ミュジカのにこやかな話し振りから、いい意味のように受け取れるが、何処か底の知れない感じが警戒心をくすぐって来る。

「そんなに緊張しないでください。――――準備の邪魔をしてしまいましたね。来賓も多くいらっしゃいます。どうか貴方も楽しんで」

 気になることは多いが、もう少しで他の生徒会役員や有志のスタッフが着いてしまう。

「ありがとうございます。よろしくお願いします」

深追いは諦めて、オレは精一杯の社交辞令スマイルだけで返した。

 一瞬『国王が来る』という情報で思考停止しそうになったが、手元のメモに目を落とし、深呼吸した。

国王のことは、余裕が出たら考えよう。優先順位を上げたところで、今からロクな対策は打てない。

 まずは、今日の舞踏会を無事に開催すること。カイが、生徒会役員として、王子として、しっかりと参加できるようにサポートするのが第一優先。

 オレは、スタッフが使う裏方用の控え室から、ダンスホールの中央まで、想定していた配置や予定と照らしながら誤差を確認しに歩き回った。


 カイが受付に現れたのは、予定よりかなり早い時刻だった。盛装もヘアセットもきちんとしており、普段の標準的な制服とか、屋敷でも割とシンプルな服ばかりなのを思うと、ギャップがすごい。

まるで、乙女ゲームの王子様のようだ。流石に未だマントは着けていないようだが。

「どうしたんですか?こんなに早く」

「お前が予定より早く屋敷を出たからだ。何かトラブルでも?」

 違和感は服装のせいかと思ったが、珍しく表情が硬いというか、どこか不機嫌に見える。

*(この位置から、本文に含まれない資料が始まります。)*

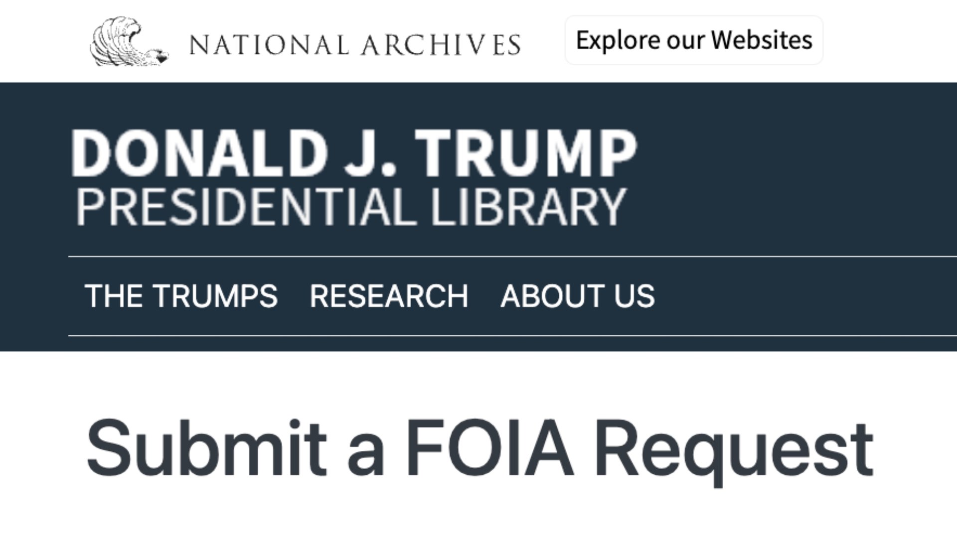 If you want to file your own FOIAs, use this form on the Donald J. Trump Presidential Library website. (Note that this is an official government website run by the National Archives and Records Administration, not affiliated with the museum/hotel/casino that Trump is building in Miami under the guise of being a library.)
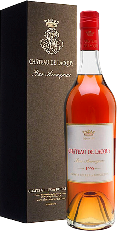 Chateau de Lacquy, Bas-Armagnac, 1990 — превосходный миллезимный арманьяк, обладающий тонким, но сложным ароматом и округлым, сбалансированным вкусом потрясающей длительности. Арманьяк был создан из винограда сорта Бако. Из него получилось вино, которое имело довольно высокое содержание сахара. Дистилляция состоялась в ноябре 1990 года в собственных перегонных кубах хозяйства. Выдержка арманьяка проходила в 420-литровых дубовых бочках (наполовину новых, наполовину старше 7 лет) в подвалах Шато де Лаки, которые являются одними из старейших и лучших в регионе. При производстве арманьяка не используются холодная фильтрация, красители и искусственные добавки.
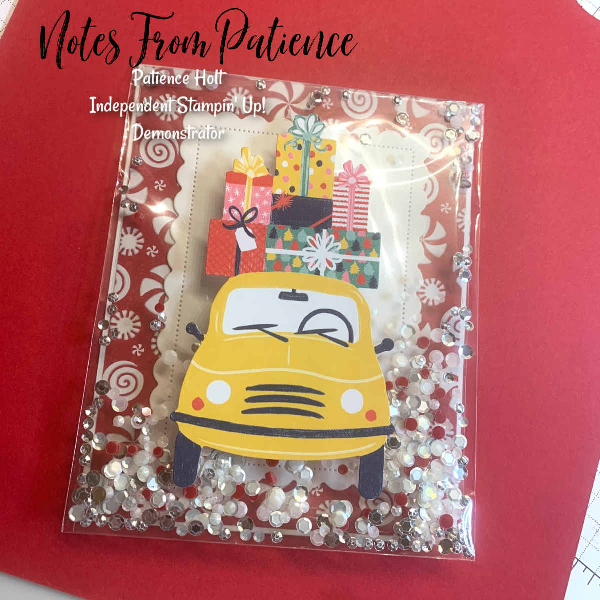 These shaker cards feature tags from the Love, Santa Tag Kit, Stampin’ Up! clear envelopes filled with sequins and a piece of Window sheet!. I go the idea from Patty Bennett who also gives credit to Ilda Dias. Such a creative way to make a different card.
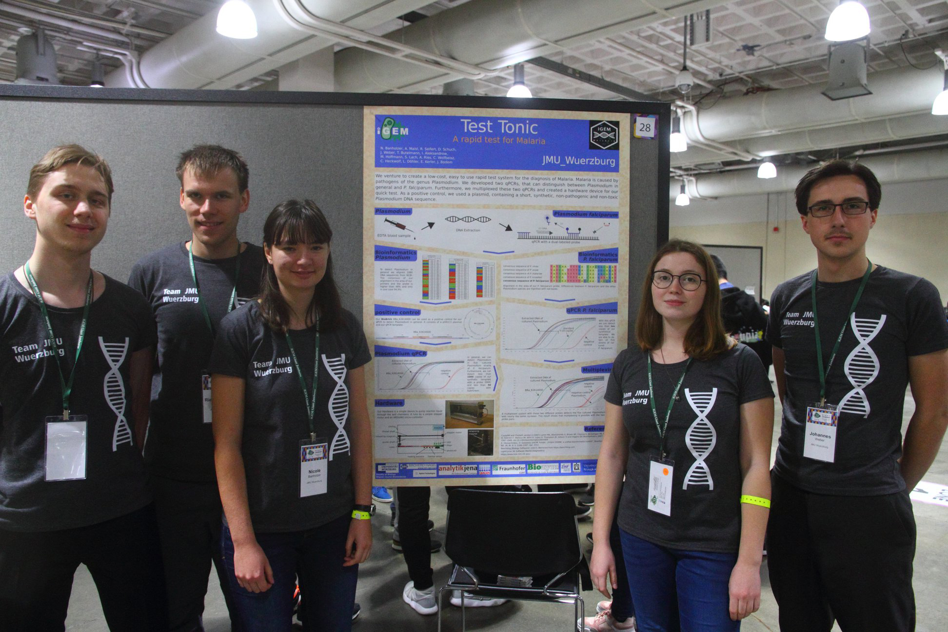 Eines der insgesamt 342 Teilnehmer-Teams in diesem Jahr kam von der Julius-Maximilians-Universität Würzburg (JMU). Darin vertreten waren Studierende der Biologie und Biomedizin, der Humanmedizin und aus dem Studiengang Computational Mathematics. Als Projektthema hatten sie die Entwicklung eines Schnelltests zum Nachweis von Malariaerregern gewählt.

「ああ、すみません。ただの心配性で、色々確認したかっただけなんです」

ヘラッと笑うと、カイの眉間の皺が深くなった。

「ハヤテ……俺が頼りないのは分かるけど、せめて報告くらいしてくれ。昨日も、貸し出しの点検や天候の確認で遅かったんだろう?」

「いやあの、すみません。でもホント、オレのは勝手にやってることだし、カイ様や生徒会の皆さんの予定には影響しないことなので」

「ダメだ。ハヤテは俺に、自分の側近の仕事ぶりも分からないような王子で居ろと?」

 カイの厳しい表情に、思わず息を呑んだ。

 この真面目な王子には冗談なんてなく、表情も声色も正直な感情そのものだ。

「ハヤテは確かに、俺よりも経験があって、知っていることも多いんだろう。それを頼りに思ってもいるし、助けられてもいる。でも、俺や生徒会のために動いてくれているそれは本当に、ハヤテにしか出来ないことなのか?」

「カイ様……」

「――――受付開始の時間だな。女性用控え室側はネリィとサラサが対応している。ハヤテは此処で、座って受付を」

「え、でも――――」

「各担当者への伝達役は、俺の方で手配する。そんな顔色であちこち行かれる方が心配だ」

 ロッテにも、朝から顔色を指摘された。寝不足くらい、十代の体だしなんとかなると思ってみたが、確かにパフォーマンスは落ちているのかも知れない。

「その書き付け、預けてくれるな?」

「――――はい。すみません、よろしくお願いします」

オレがいちいちメモを用意していることも、カイは把握しているようだった。自分用の汚いメモだが、言われるままに差し出した。